# MATERIAL SUPPLIED
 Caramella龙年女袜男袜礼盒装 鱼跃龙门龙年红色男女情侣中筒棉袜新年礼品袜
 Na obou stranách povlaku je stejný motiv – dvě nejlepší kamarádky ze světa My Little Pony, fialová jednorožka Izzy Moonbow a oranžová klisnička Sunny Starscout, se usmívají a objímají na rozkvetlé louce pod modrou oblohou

---

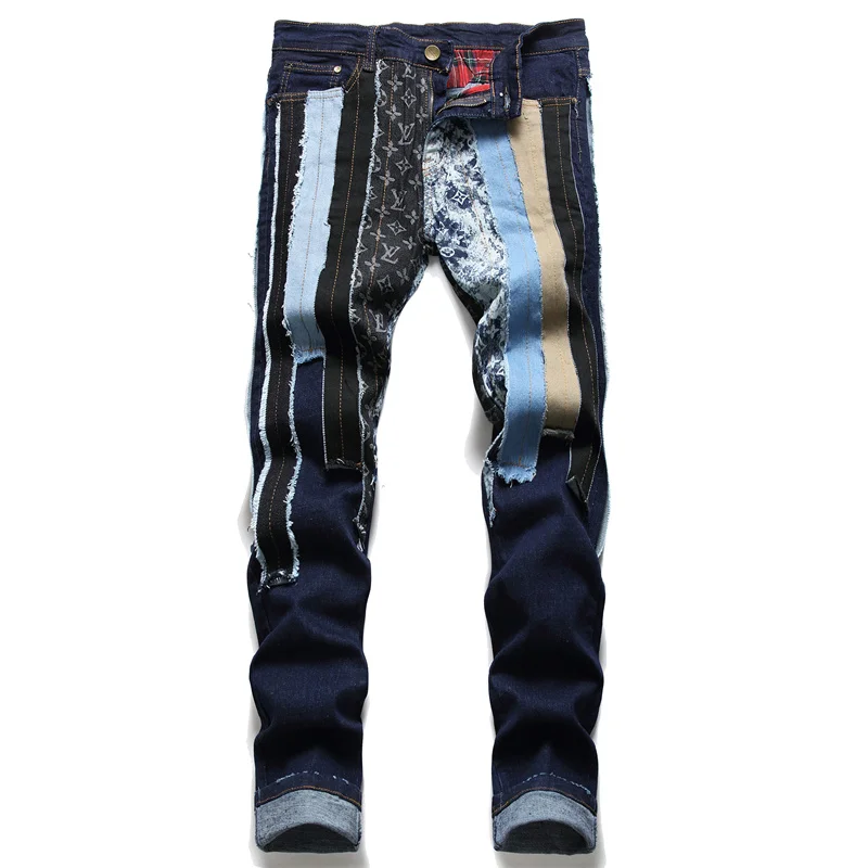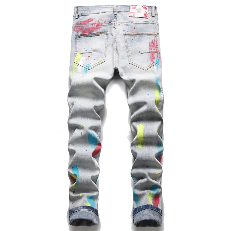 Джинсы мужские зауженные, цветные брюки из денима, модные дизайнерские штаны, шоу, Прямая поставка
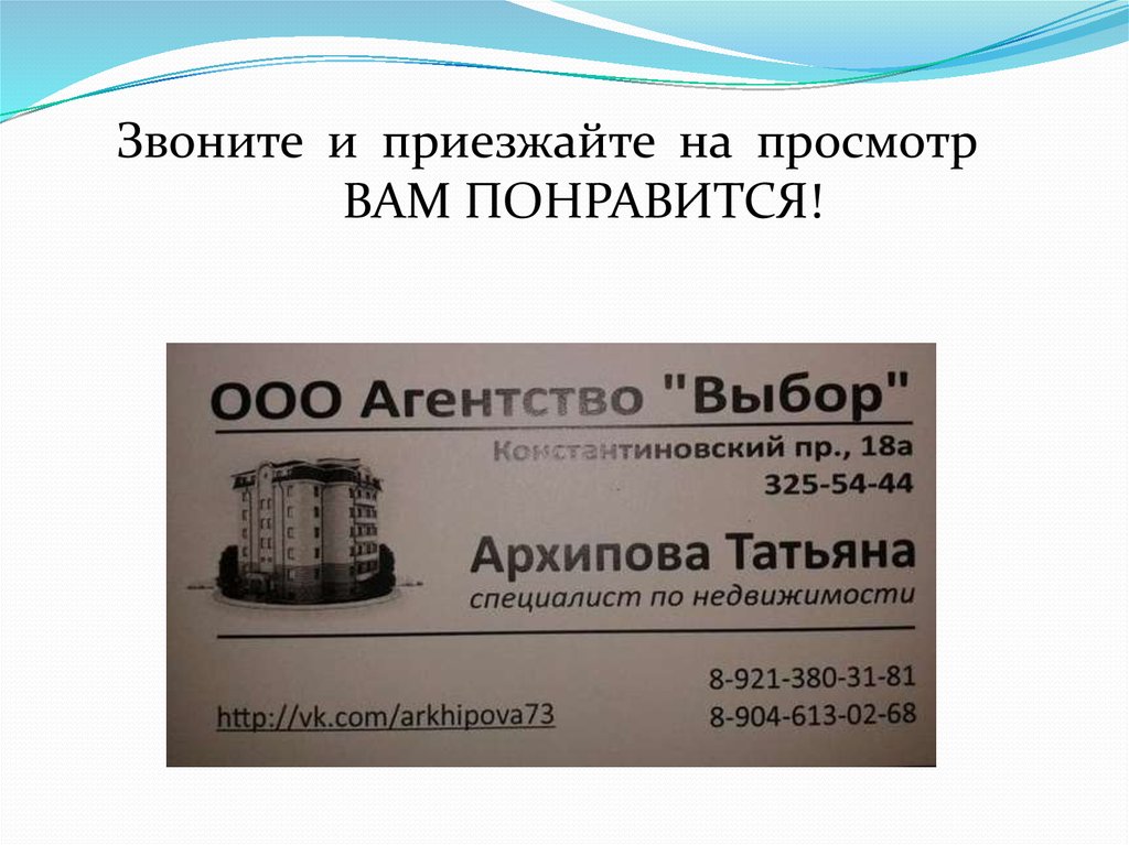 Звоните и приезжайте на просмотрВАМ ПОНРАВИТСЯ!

# TASK ITEM
Could you write out, exactly as they stand, only the lines above that begin at the line with "Caramella龙年女袜男" and stop after the line with "Na obou stranách"?

# SOLUTION TO THE EXERCISE
 Caramella龙年女袜男袜礼盒装 鱼跃龙门龙年红色男女情侣中筒棉袜新年礼品袜
 Na obou stranách povlaku je stejný motiv – dvě nejlepší kamarádky ze světa My Little Pony, fialová jednorožka Izzy Moonbow a oranžová klisnička Sunny Starscout, se usmívají a objímají na rozkvetlé louce pod modrou oblohou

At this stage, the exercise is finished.